Two reasons may have caused this discrepancy: First, de Visser et al. (1999) plotted the speed of adaptation vs. the relative mutation-supply rate (which is the product of population size and relative mutation rate). Such a plot is problematic, because the mutation-supply rate does not uniquely specify the speed of adaptation in the clonal interference model. (For the mutation-supply rate to uniquely specify the speed of adaptation, population size and mutation rate would have to enter the equations always as a product, which is not the case. In Equation 10, for example, the term P0 depends on U but not on N, while the term ln N does not depend on U.) The model predicts that the speed of adaptation should increase with increasing N, whereas it should reach a maximum and then decrease with increasing U. Thus, a plot of the speed of adaptation vs. population size (at fixed U) is inherently more informative than a plot of the speed of adaptation vs. mutation rate (at fixed N). In the latter case, a decline in the increase of the speed of adaptation may also indicate that the mutation rate approaches the optimal mutation rate U = sH. Since de Visser et al. (1999) studied only two different population sizes (and three mutation rates), it is not possible to replot a subset of their data vs. population size at fixed U and obtain a quantitative comparison to the model.

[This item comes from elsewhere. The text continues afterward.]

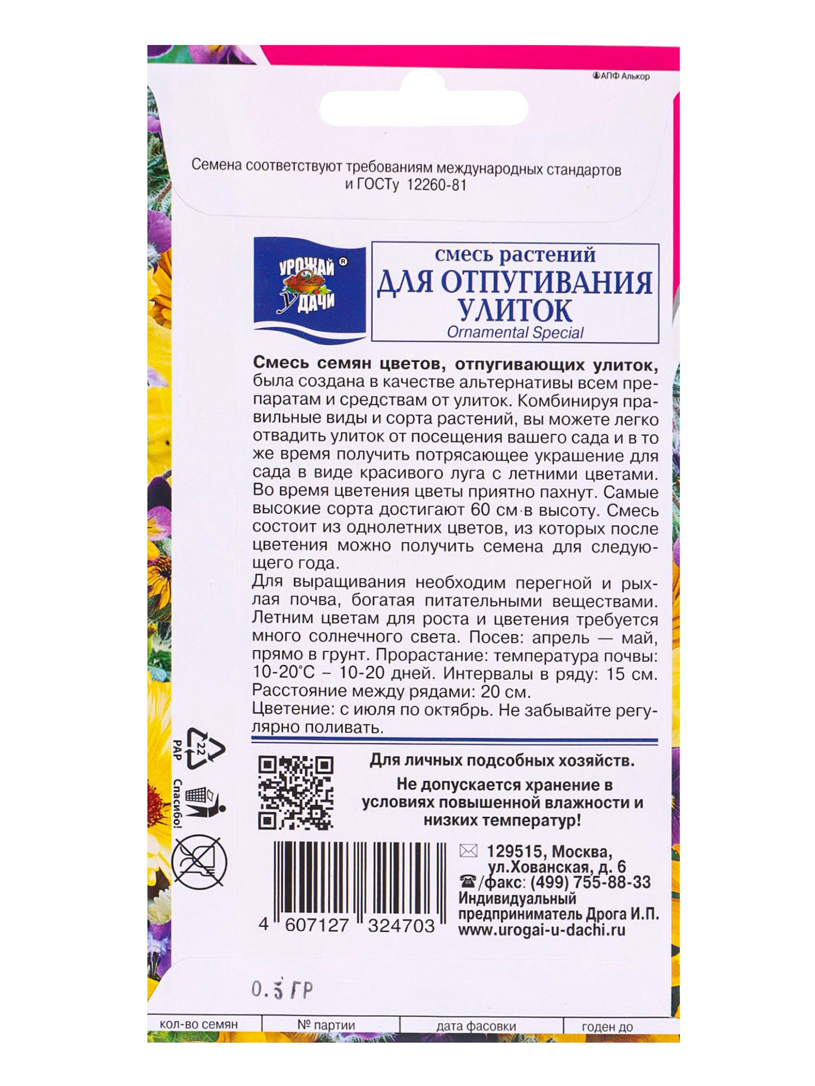 Семена цветов Смесь ДЛЯ ОТПУГИВАНИЯ УЛИТОК 0.5 гр, УРОЖАЙ УДАЧИ, Россия

Second, the speed of adaptation at a high mutation-supply rate may have been reduced (thus giving the impression of a hard speed limit) in part because the populations began to run out of beneficial mutations. de Visser et al. propagated the populations for 1000 generations and determined the speed of adaptation from the total fitness increase over these 1000 generations. In particular for the large population size, it seems that adaptation slowed down considerably after 500 generations (de Visser et al. 1999, Figure 1B). [Note, however, that this argument does not invalidate the overall conclusion of de Visser et al. (1999). The fitness increase after 200 generations in their Figure 1 shows strong dependence on the mutation rate for the small population size and weak dependence on the mutation rate for the large population size, which agrees very well with the predictions of the clonal interference model.] A related explanation for the apparent slowdown in the speed of adaptation at large population size is that the large populations may have found mutations of large beneficial effect earlier in the experiments than the small populations, as predicted by the clonal interference model.
The clonal interference model assumes an infinite supply of beneficial mutations, and this assumption is of course unrealistic. Nevertheless, we can expect good agreement between model and experiment if the experiment is restricted to a relatively short number of generations, or if only the effect of the first fixed mutation is measured. An experiment of the latter kind was carried out by Rozen et al. (2002), who found that the measured distribution of beneficial effects in E. coli was in good agreement with the distribution as predicted by the clonal interference model.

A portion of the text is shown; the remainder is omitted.